И вот третьего дня, то есть в первый день Нового года, приезжает с поздравлениями расфранченный Михал Михалыч. «С Новым годом, — говорит, — вас, с новым счастьем!» А сам такой веселый, радостный, оживленный, смеется, как-то потирает руки. «Что это сегодня с вами такое, Михал Михалыч? — спрашиваю. — Вы на себя не похожи нынче, что такое случилось радостное?» А он: «Со мной ничего не случилось, Олимпиада Петровна, а радуюсь я не за себя, а за вас, моих добрых друзей». — «Чему же вы радуетесь?» — «А тому, что я имею сегодня возможность щедро отблагодарить вас и за приют, и за ласку, и за всё то, что я видел хорошего от вас. Да, кстати, и сам смогу тысчонок пять заработать». — «Что вы такое говорите, и в толк не возьму», — а про себя думаю: нализался где-нибудь с новогодними визитами, не иначе! «Я сейчас вам всё объясню, — говорит, — всё по порядку. Сегодня утром я рано проснулся и сейчас же болезненно вспомнил о письме, полученном накануне из Ниццы от моей желанной Наташеньки — вы ведь помните, я вам говорил уже, что она с родителями на Рождество уехала туда и предполагает пробыть там весь январь и февраль. Охота ей цветами пошвыряться. Письмо она написала мне хорошее, теплое, и в нем даже говорится: “Ах, Мишель, если бы вы только были здесь!” Ну а мне куда же, как туда поедешь без денег. Вы знаете, Олимпиада Петровна, я человек глубоко набожный, а и то сегодня утром возроптал на Бога. Посидел в раздумии часок-другой да и направился на Неву к Спасителю. Горячо я там молился, прося чуда. И на душе стало как-то легче, и, представьте, чудо как будто бы совершилось. Но прежде чем продолжать свой рассказ, я должен спросить вас, — и тут Михал Михалыч торжественно встал. — Я ничего не прошу у вас Олимпиада Петровна, но делаю вам деловое серьезное предложение: согласитесь ли вы дать мне пять тысяч рублей, при условии если я укажу вам возможность получить не позднее завтрашнего дня несколько сот тысяч рублей?» — и он пристально на меня посмотрел. Неужели, думаю, спятил с ума? И с чего бы это, казалось? Молодой человек был всегда такой рассудительный, скромный, а эдакое несет! Гляжу на Ивановну, а старушка Божья даже в лице изменилась.

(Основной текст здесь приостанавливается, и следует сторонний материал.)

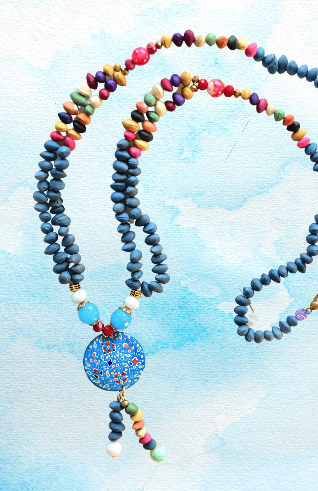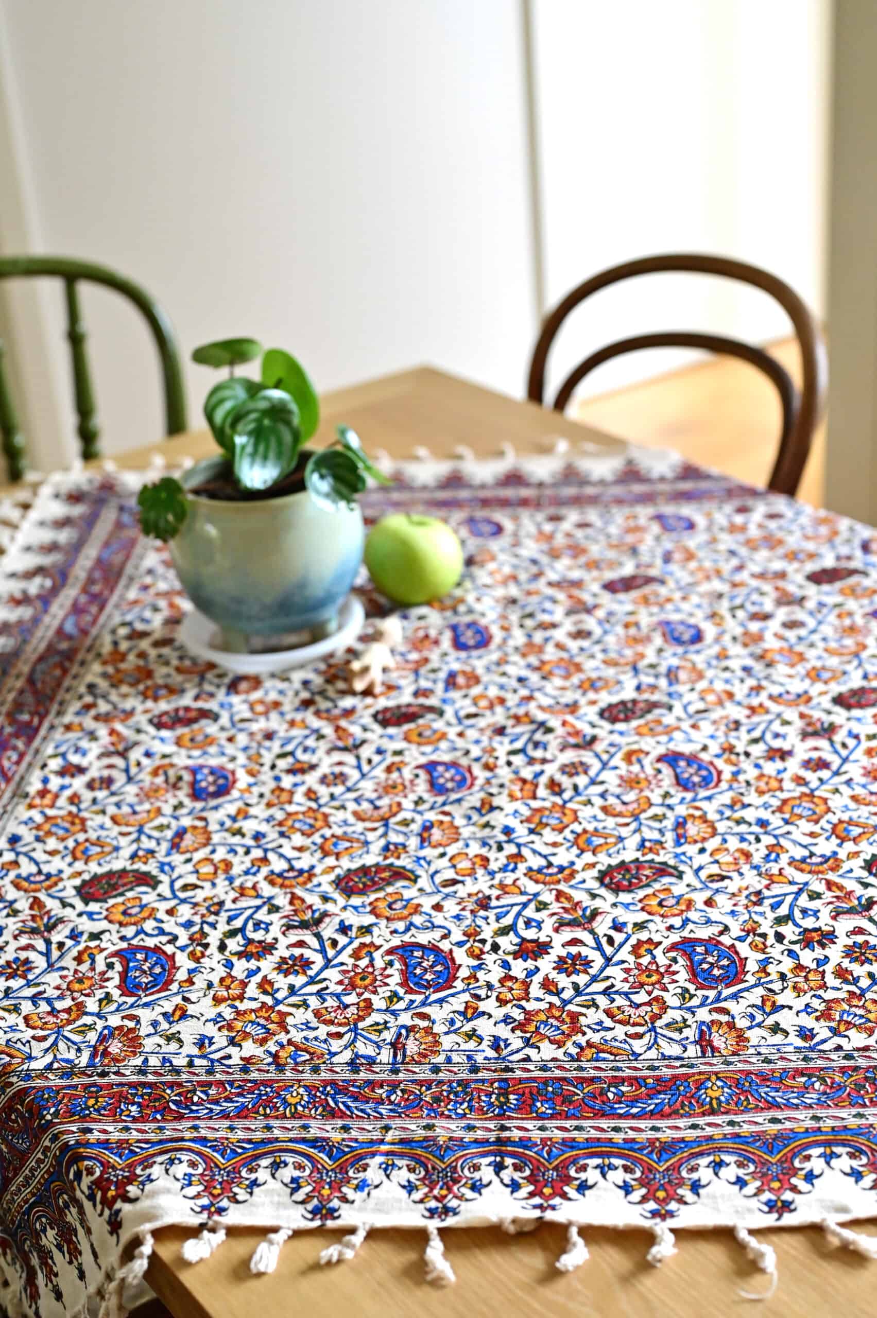 Termeh is typically made from natural fibbers such as silk, wool, or both. The fabric often features intricate designs and motifs, including paisley patterns, floral motifs, and geometric shapes.

— Итак, Олимпиада Петровна, я жду вашего ответа.
Помолчав, я сказала:
— Сегодня у нас первое января, а не первое апреля, Михал Михалыч, и ваши обманные шутки не по святцам пришлись.
— Я не думаю шутить, говорю самым серьезным образом. Сегодня мне пять тысяч, и завтра у вас чуть ли не четверть миллиона в кармане.
Я растерянно продолжала:
— Вы знаете, что по смерти моего супруга я никакими делами и аферами не занимаюсь, а потому и приобрести таких денег никак завтра не могу.

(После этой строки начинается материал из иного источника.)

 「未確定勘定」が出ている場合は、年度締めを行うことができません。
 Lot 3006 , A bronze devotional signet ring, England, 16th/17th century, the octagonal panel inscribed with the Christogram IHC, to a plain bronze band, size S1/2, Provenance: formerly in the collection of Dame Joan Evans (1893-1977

— Повторяю вам, Олимпиада Петровна, что никаких афер я вам не предлагаю, вам придется лишь завтра сесть на извозчика, отправиться в банк, немедленно получить деньги и положить их на свое имя.

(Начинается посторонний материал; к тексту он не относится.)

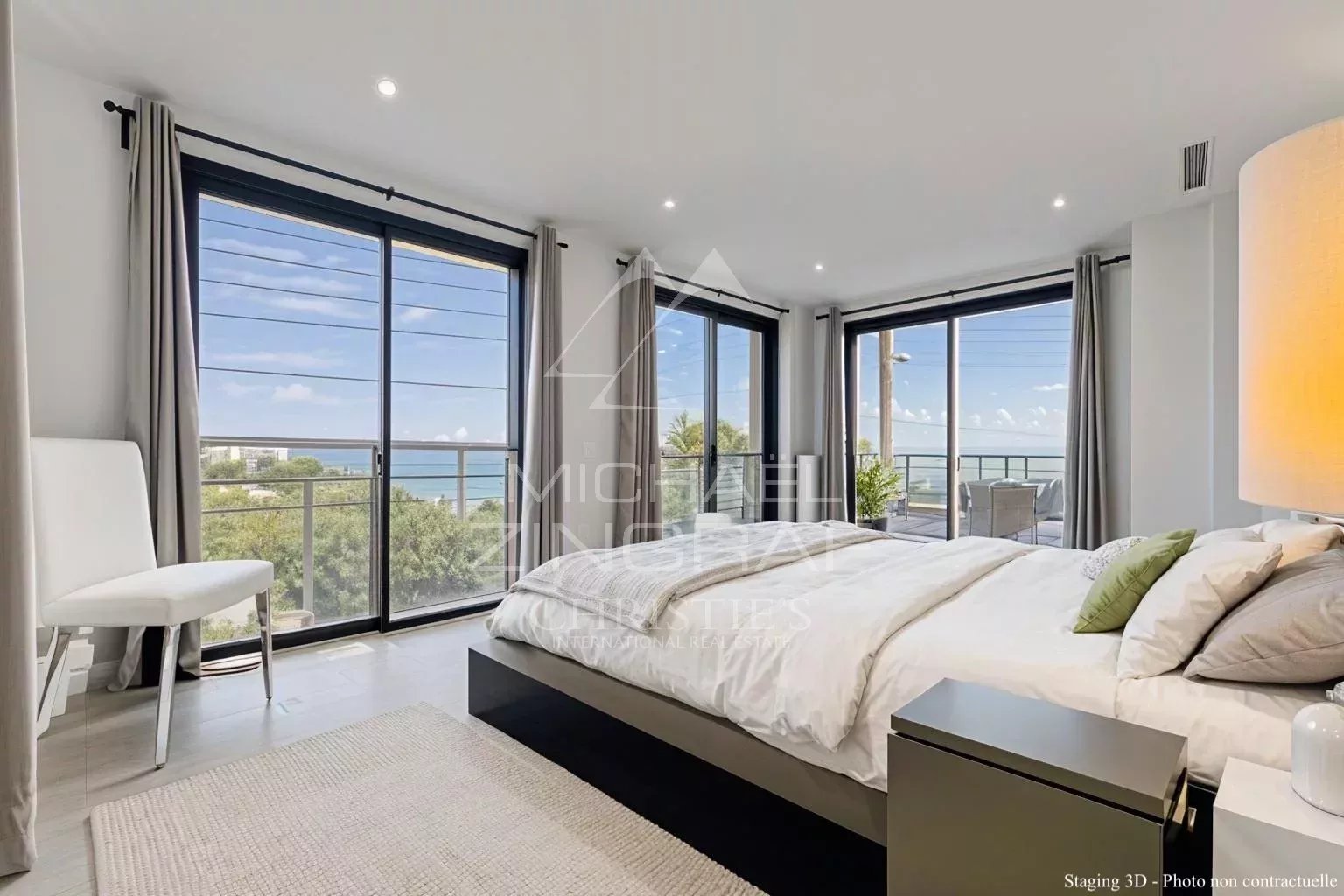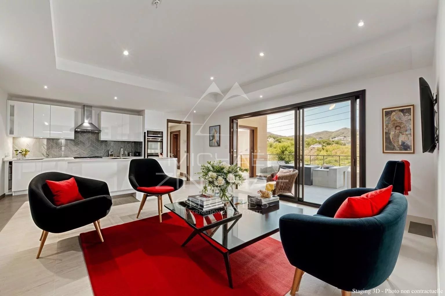 Entdecken Sie diese elegante 100 m² große Wohnung in einer kleinen Wohnanlage in Théoule-sur-Mer, nur 10 Gehminuten vom Strand und 35 Minuten vom Flughafen entfernt. Diese helle und geräumige Immobilie lädt Sie dazu ein, einen atemberaubenden Blick auf das Meer, den Hafen von Figuerette und die umliegenden Berge zu genießen.

Поколебленная, я снова взглянула на Ивановну. Она робко вымолвила: «Пускай расскажут, в чем дело, выслушать нетрудно, а там сами увидите, как поступить».
— Ну, что ж, Ивановна права, — сказала я, — говорите толком, в чем дело.
— Хорошо, — отвечает, — рассказать я готов, но поклянитесь мне вот на эту икону жизнью своей, что если вы убедитесь в правильности моих слов, то немедленно же дадите мне просимые пять тысяч и не обманете меня, словом, не пойдете на попятный.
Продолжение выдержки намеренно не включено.